Running local models is good now

Hardware & affordability

  • Many comments say “local is good now” only if you have serious hardware: 24–32 GB VRAM GPUs, 64–128 GB RAM Macs, or Strix Halo / DGX Spark–class boxes.
  • Others push back: a 2–3k USD machine is out of reach for a large part of the world; for many devs $20–$200/month for a hosted model is cheaper and simpler.
  • There’s debate over whether laptops (especially thermally constrained ones) are a good idea vs desktop/workstation or small on‑prem servers.
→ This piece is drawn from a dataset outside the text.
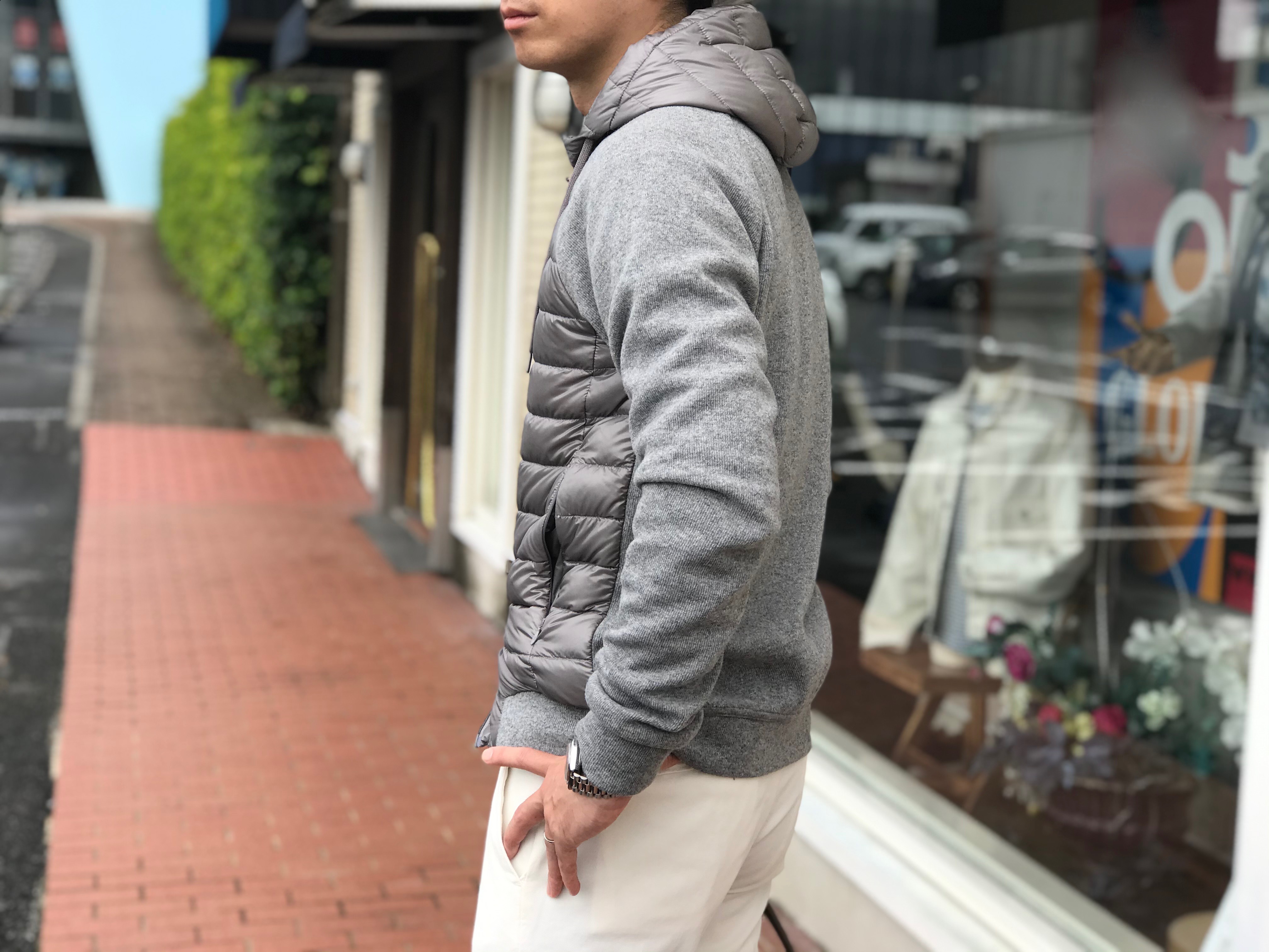 まずご紹介するのは、ダウンとニットのハイブリットモデル。軽やかな見た目と、切り替えのデザインが目を見張る人気のシリーズです。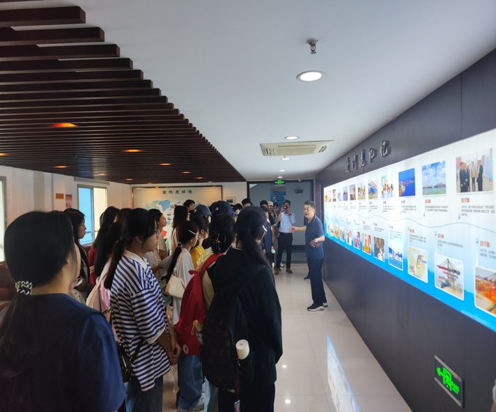 下午4时,师生又抵达临近的厦门邮轮中心码头,邮轮中心码头服务部总监徐总给大家详细讲解了邮轮中心码头的基础设施建设现状、运营现状和运作流程,为大家揭开了邮轮母港的神秘面纱。同学们还在此近距离参观了中远海运之星的客滚船,了解客滚船船体结构,感受深蓝与纯白的简约美学,领悟海峡两岸的温情纽带。

Capabilities of current local models

  • Qwen 3.6 27B (dense) and 35B MoE, Gemma 4 (26B MoE, 31B dense), GLM 5.x, GPT‑OSS, Granite 4.1, etc. are cited as “very capable,” roughly comparable to mid‑2025 frontier quality for many tasks.
  • Users report 30–150+ tokens/s on commodity GPUs (e.g., 3090/4090/5090) and high‑RAM Macs, especially with MTP/speculative decoding and good quantization.
  • Diffusion-style LLMs (e.g., DiffusionGemma) impress some for single‑prompt speed, but researchers in the thread say they likely don’t scale or match dense transformers in quality.

Coding & agent workflows

  • Strong split in experience: some say Qwen 3.6 27B/35B are “good enough to daily‑drive” for coding; others find them far behind Claude/GPT for non‑toy codebases.
  • Local models often struggle with:
    • Reliable tool calls and JSON output.
    • Large context workflows (hundreds of k tokens).
    • Self‑directed, long‑horizon “vibe‑coding”; they get stuck, loop, or make subtle design errors.
  • Many succeed by:
    • Using frontier models to plan and local models to execute smaller tasks.
    • Keeping prompts extremely specific and scoping work tightly.
    • Accepting them as “smart autocomplete / junior dev,” not autonomous architects.

Harnesses, prompts & configuration

  • Repeated theme: harness matters as much as the model. Pi, OpenCode, Hermes, custom CLIs, and carefully tuned system prompts/AGENTS.md drastically change results.
  • Quantization is contentious: 4‑bit can “lobotomize” models for tool use; some advocate 5–6 bit or Q8 where possible, especially for MoE.
  • Many warn that local setups require significant tinkering with flags, quant schemes, context sizes, and templates; expectations should be set accordingly.

Cloud vs local economics & control

  • Pro‑local arguments:
    • No rate limits, rug‑pulls, silent “nerfs,” or model deprecations.
    • Better privacy and IP control; useful for regulated or paranoid environments.
    • Hardware may depreciate more slowly than people expect given current GPU scarcity.
  • Pro‑cloud arguments:
    • Frontier models (Claude/GPT/DeepSeek) still clearly smarter at complex coding and agentic work.
    • Hosted inference can be cheaper and faster for most users, with no hardware or maintenance burden.
    • Businesses often prefer to “outsource the headache,” even if on‑prem could be cheaper.

Future outlook

  • Many expect open/local models to keep improving with better architectures, quantization‑aware training, and inference tricks, but also expect frontier vendors to stay ahead at scale.
  • There’s interest in:
    • On‑prem GPU appliances for teams (e.g., “LLM in a closet”).
    • Hybrid patterns: local for routine/private/low‑latency work, cloud for heavy planning or huge contexts.
  • Some see this as a pivotal moment: local is already “good enough” for a surprising share of everyday tasks, though not yet a full replacement for top cloud models.